Look-aheads are introduced by the function `followedBy` (eventually prefixed by `not` for negative look-aheads).

```js
var euro = RE.matching.oneOrMore.digit.followedBy("€");
// /\d+(?=€)/

var foo = RE("a").or.not.followedBy("b").then("c");
// /a|(?!b)c/
```

## Compatibilty

* Internet Explorer 9+
* Firefox 4+
* Safari 5+
* Chrome
* Opera 11.60+
* node.js

Basically, every Javascript environment that supports [`Object.defineProperties`](https://developer.mozilla.org/en-US/docs/Web/JavaScript/Reference/Global_Objects/Object/defineProperties) should be fine.

## Tests

The unit tests are built on top of [mocha](http://mochajs.org/). Once the package is installed, run `npm install` from the package's root directory in order to locally install mocha, then `npm run test` to execute the tests. Open [index.html](test/index.html) with a browser to perform the tests on the client side.

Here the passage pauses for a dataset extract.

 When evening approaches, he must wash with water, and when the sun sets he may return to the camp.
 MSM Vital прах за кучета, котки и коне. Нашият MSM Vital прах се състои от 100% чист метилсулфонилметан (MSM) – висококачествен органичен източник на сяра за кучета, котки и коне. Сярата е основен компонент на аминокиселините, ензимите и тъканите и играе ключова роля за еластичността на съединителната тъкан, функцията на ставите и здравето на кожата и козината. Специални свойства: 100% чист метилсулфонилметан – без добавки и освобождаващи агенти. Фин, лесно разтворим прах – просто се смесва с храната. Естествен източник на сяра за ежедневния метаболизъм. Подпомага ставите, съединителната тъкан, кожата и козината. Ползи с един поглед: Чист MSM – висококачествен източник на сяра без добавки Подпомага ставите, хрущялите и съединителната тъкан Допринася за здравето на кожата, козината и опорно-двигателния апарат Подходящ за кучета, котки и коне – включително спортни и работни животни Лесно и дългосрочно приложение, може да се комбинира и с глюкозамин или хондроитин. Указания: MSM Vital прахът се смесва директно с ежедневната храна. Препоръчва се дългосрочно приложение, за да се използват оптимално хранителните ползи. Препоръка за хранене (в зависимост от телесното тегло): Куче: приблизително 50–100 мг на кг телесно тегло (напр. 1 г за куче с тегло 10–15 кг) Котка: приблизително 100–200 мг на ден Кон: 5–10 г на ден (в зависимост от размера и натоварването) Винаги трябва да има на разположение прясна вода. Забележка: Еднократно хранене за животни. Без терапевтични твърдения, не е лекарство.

If mocha is installed globally, served side tests can be run with just the command `mocha` from the package's root directory.

## To do

* More natural language alternatives
* Plurals, articles
* CLI tool to translate regexes to and from RE-Build's syntax
* More examples
* Consider IE8 support

## License

MIT @ Massimo Artizzu 2015-2016. See [LICENSE](LICENSE).